Work request:
Nothing but the lines from the one showing "পরিষ্কারভাবে তুলে ফেলে" through the final line of the data below belongs in the answer, duplicated exactly and without pictures.

[Stored data]
- - -

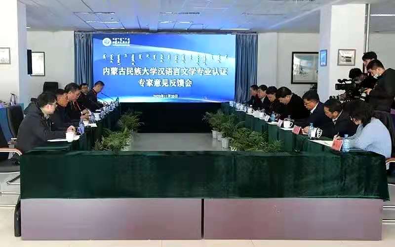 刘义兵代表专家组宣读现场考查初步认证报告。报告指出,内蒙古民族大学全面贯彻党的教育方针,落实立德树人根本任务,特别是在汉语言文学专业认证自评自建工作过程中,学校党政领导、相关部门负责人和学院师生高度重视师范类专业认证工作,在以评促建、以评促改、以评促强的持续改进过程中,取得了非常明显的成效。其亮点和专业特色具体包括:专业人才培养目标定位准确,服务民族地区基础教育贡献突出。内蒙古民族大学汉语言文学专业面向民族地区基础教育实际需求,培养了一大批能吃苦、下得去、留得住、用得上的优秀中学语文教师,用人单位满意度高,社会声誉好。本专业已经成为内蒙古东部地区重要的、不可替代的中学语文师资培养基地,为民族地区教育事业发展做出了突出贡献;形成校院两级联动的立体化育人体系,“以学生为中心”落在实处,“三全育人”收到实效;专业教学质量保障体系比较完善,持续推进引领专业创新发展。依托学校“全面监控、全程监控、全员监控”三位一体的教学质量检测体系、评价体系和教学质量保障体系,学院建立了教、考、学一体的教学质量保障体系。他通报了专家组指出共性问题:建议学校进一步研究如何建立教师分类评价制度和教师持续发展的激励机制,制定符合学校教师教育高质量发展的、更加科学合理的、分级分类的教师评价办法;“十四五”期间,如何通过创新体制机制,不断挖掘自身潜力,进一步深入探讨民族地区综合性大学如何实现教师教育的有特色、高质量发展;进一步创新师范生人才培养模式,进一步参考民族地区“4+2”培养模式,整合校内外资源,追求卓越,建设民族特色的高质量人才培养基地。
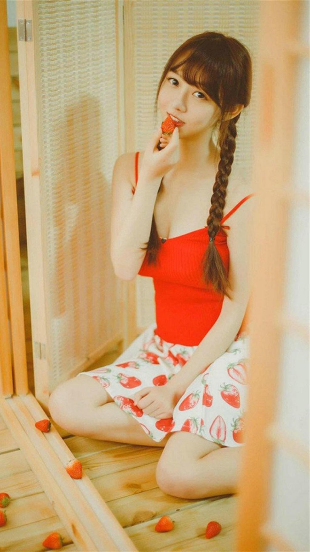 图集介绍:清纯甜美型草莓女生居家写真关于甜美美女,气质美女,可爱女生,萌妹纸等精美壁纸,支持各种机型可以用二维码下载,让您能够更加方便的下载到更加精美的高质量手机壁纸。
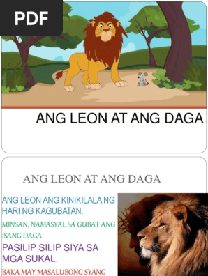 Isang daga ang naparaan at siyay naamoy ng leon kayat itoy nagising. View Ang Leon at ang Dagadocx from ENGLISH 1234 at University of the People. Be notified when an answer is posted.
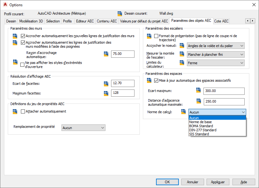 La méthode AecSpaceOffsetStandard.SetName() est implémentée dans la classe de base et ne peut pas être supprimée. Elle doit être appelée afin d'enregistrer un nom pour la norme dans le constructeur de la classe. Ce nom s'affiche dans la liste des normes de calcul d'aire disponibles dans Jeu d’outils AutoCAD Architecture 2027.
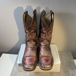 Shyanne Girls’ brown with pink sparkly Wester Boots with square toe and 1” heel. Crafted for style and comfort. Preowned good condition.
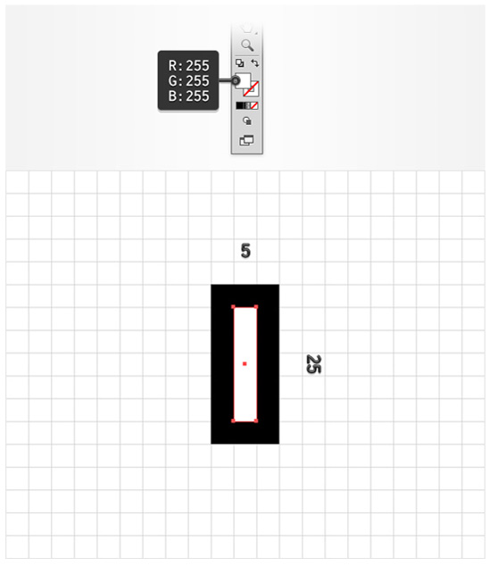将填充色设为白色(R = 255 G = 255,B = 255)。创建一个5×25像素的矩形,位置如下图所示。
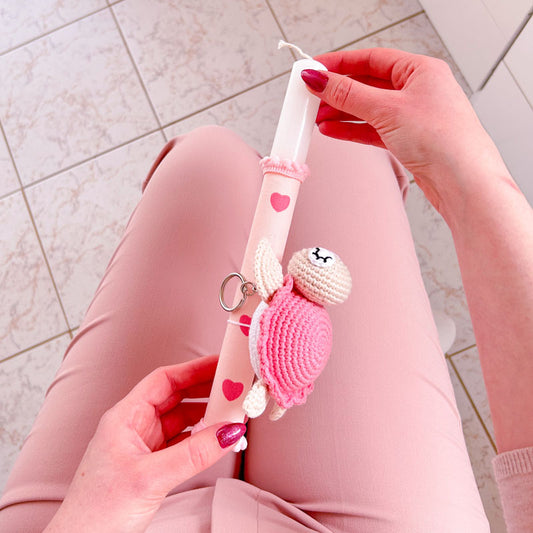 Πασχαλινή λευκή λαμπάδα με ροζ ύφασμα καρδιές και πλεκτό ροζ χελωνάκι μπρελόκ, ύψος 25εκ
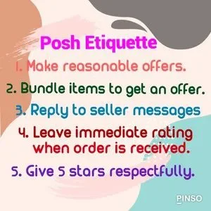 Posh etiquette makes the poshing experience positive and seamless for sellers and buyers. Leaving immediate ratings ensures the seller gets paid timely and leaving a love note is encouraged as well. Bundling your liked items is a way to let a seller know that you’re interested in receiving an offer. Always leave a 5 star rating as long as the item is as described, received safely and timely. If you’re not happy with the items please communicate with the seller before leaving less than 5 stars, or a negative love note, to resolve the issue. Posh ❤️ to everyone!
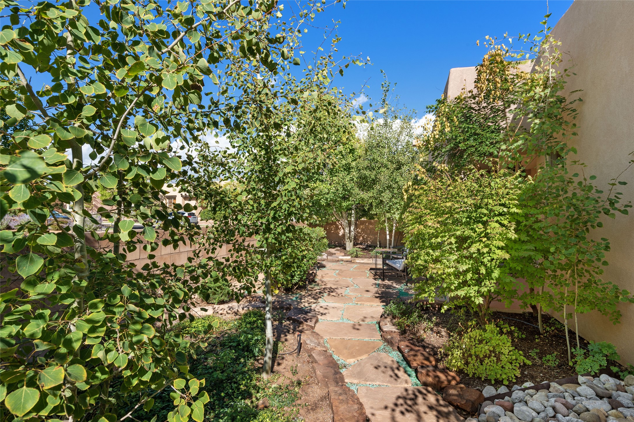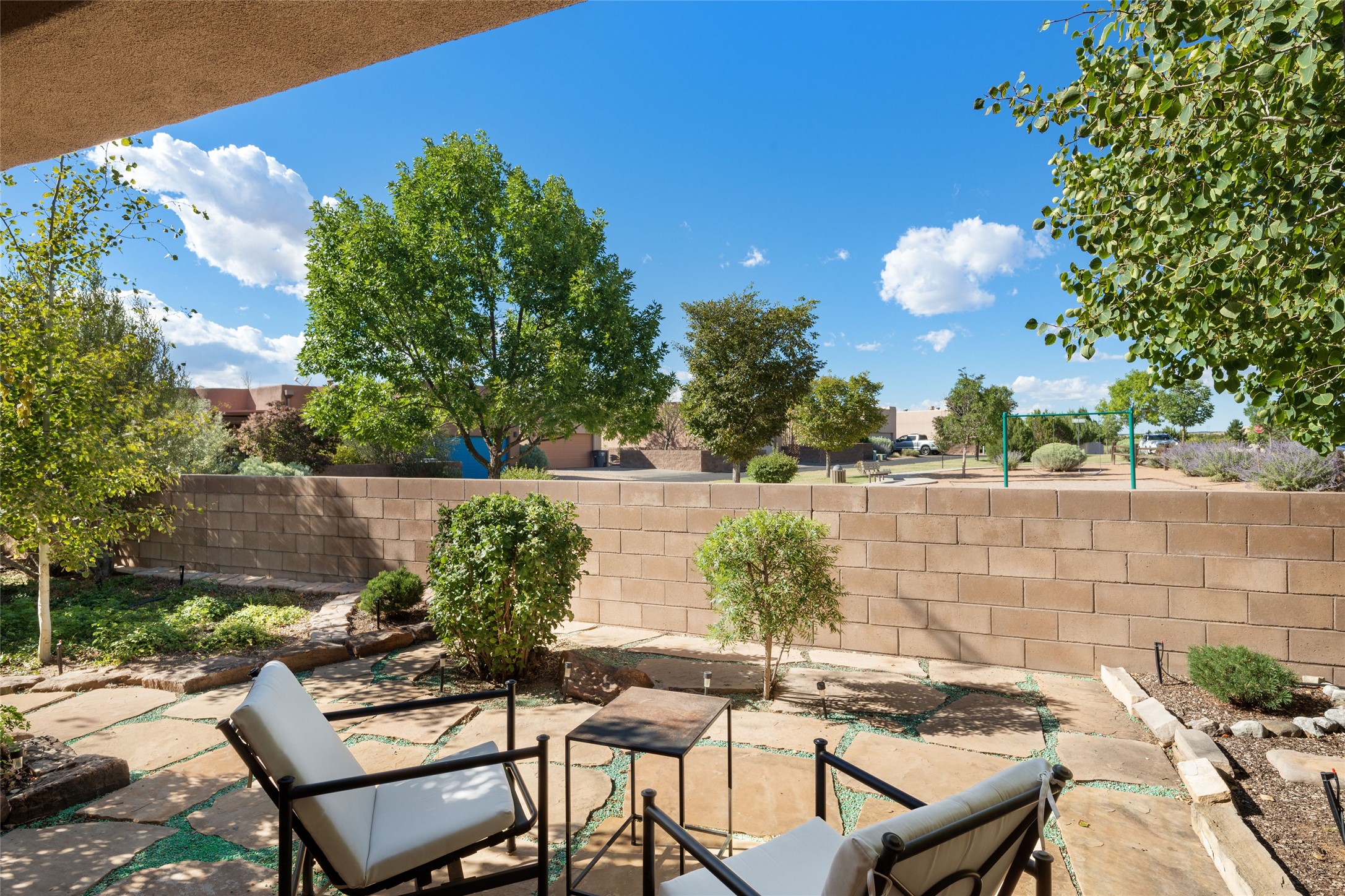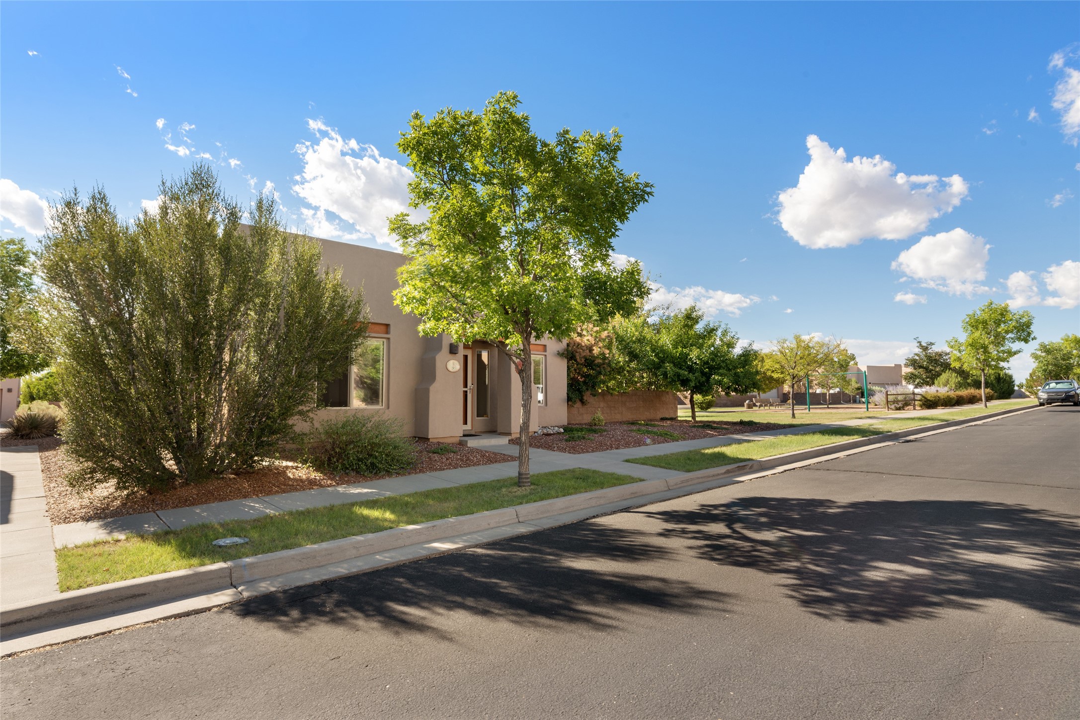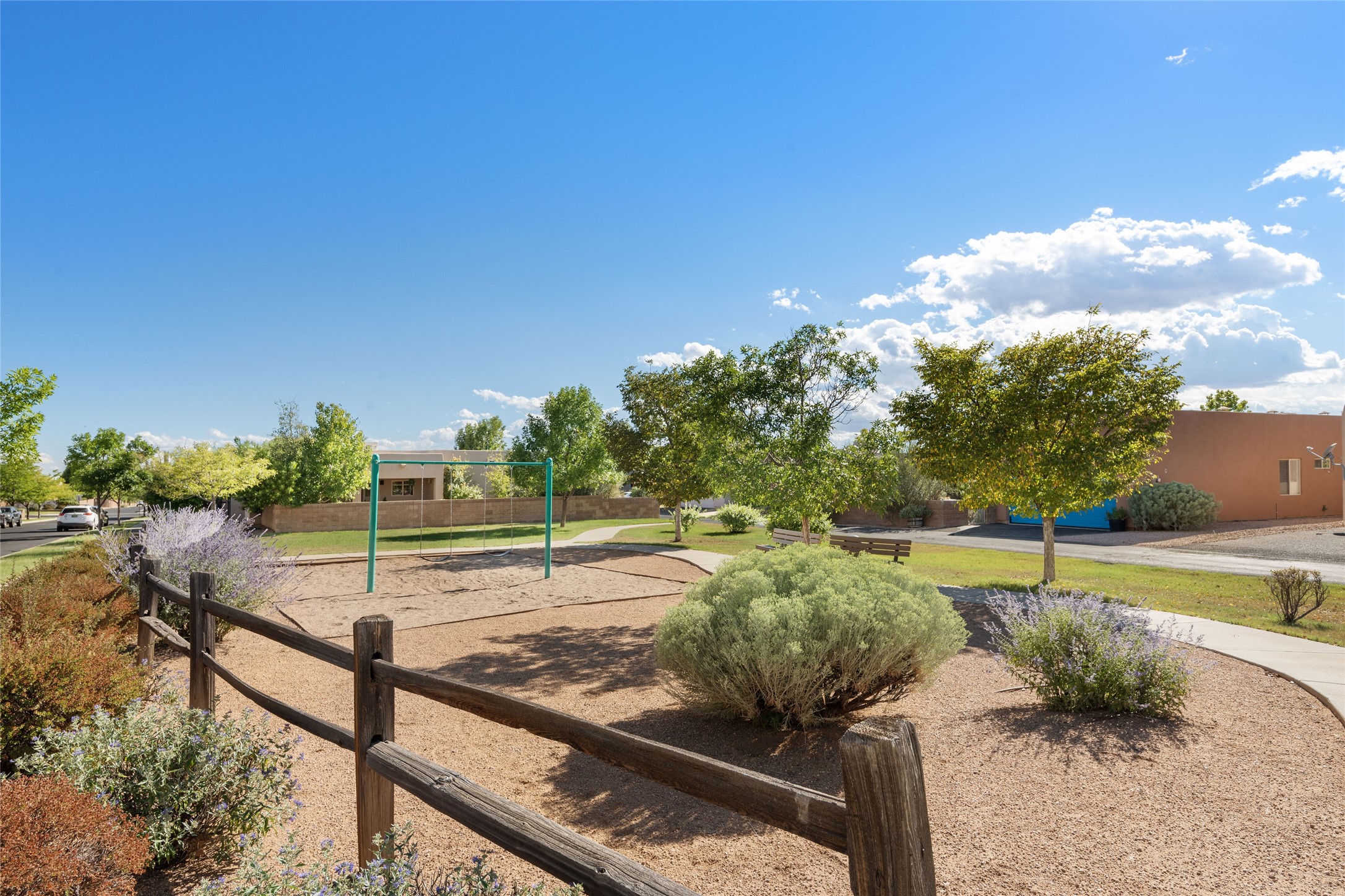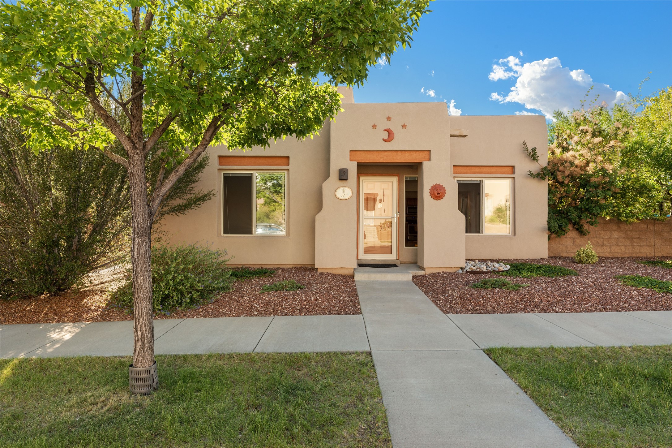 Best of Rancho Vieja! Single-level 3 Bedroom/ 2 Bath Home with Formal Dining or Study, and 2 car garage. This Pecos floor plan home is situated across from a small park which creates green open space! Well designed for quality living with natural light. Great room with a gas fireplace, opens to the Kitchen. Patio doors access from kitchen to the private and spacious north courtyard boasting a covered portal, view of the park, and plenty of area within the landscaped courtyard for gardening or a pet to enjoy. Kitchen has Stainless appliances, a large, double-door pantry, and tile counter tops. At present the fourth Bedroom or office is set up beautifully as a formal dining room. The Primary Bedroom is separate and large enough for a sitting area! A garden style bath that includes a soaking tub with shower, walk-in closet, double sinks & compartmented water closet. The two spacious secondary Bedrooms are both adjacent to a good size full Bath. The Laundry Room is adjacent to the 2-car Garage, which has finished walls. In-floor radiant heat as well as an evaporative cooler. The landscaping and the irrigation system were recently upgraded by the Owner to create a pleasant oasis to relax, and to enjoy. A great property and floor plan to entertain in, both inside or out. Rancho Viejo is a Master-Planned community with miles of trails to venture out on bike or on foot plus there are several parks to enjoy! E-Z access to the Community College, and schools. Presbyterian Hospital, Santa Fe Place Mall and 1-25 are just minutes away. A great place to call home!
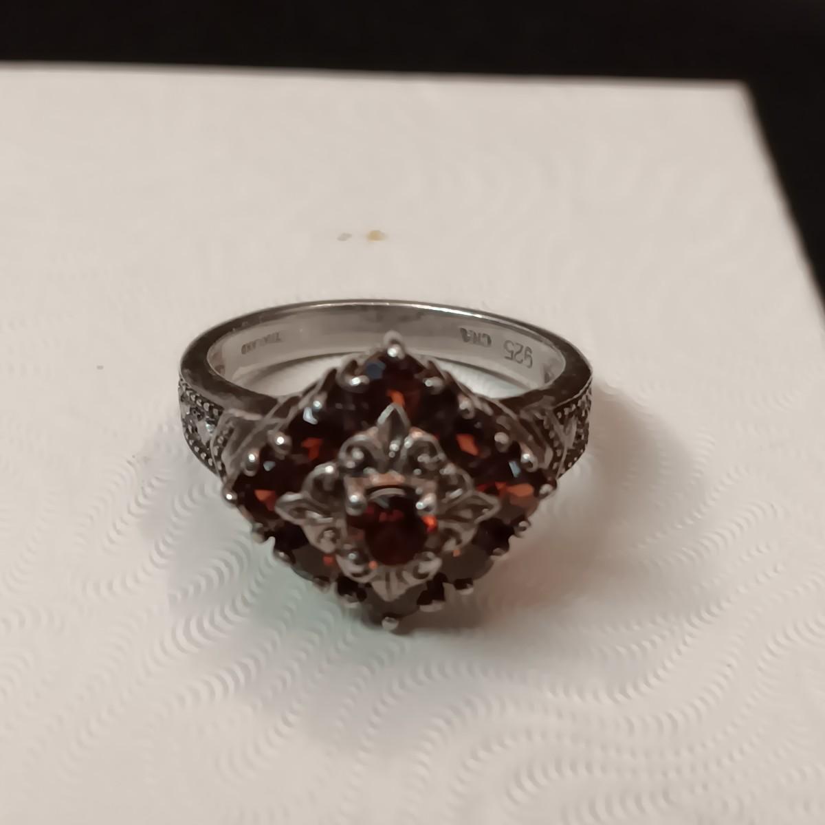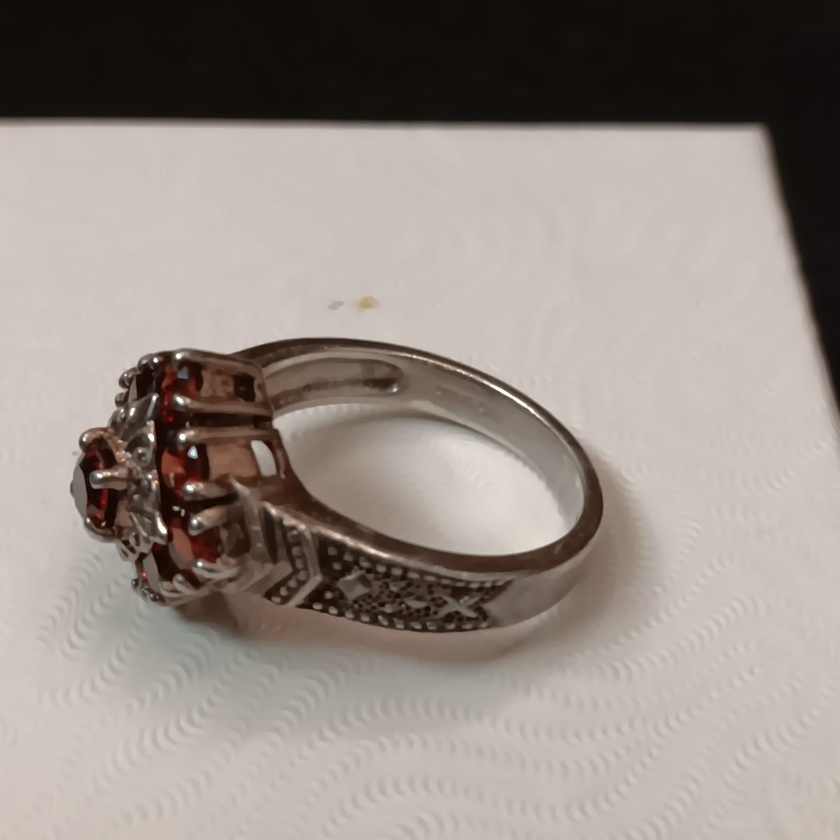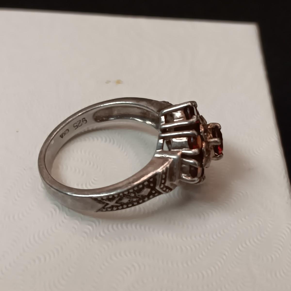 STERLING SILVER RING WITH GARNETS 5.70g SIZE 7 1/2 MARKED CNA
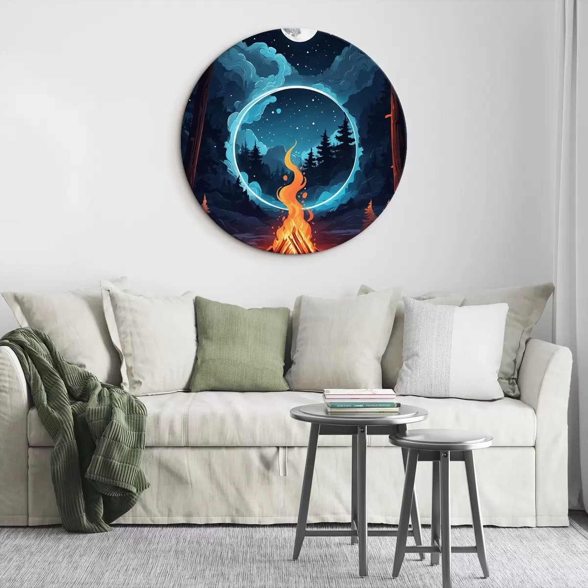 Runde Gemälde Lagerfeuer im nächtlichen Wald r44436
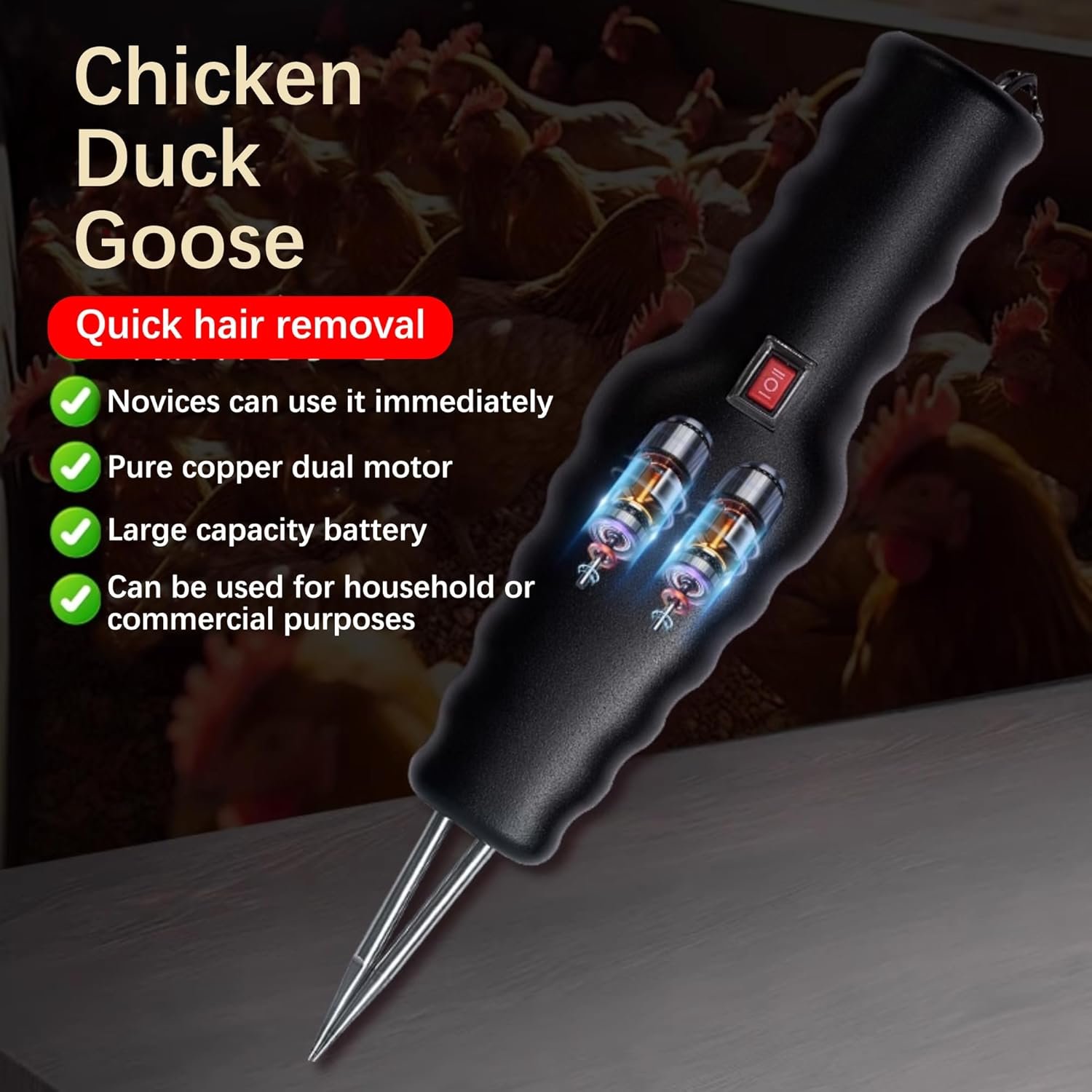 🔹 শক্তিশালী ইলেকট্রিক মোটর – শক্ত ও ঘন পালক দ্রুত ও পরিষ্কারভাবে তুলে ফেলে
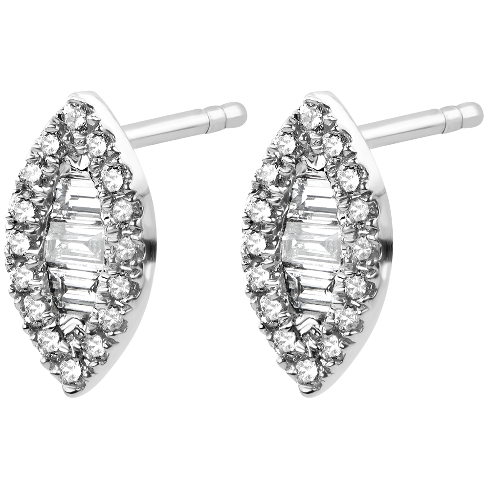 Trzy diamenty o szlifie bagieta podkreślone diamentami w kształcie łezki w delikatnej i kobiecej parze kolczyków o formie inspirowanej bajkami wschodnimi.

- - -

Exercise result:
 🔹 শক্তিশালী ইলেকট্রিক মোটর – শক্ত ও ঘন পালক দ্রুত ও পরিষ্কারভাবে তুলে ফেলে
 Trzy diamenty o szlifie bagieta podkreślone diamentami w kształcie łezki w delikatnej i kobiecej parze kolczyków o formie inspirowanej bajkami wschodnimi.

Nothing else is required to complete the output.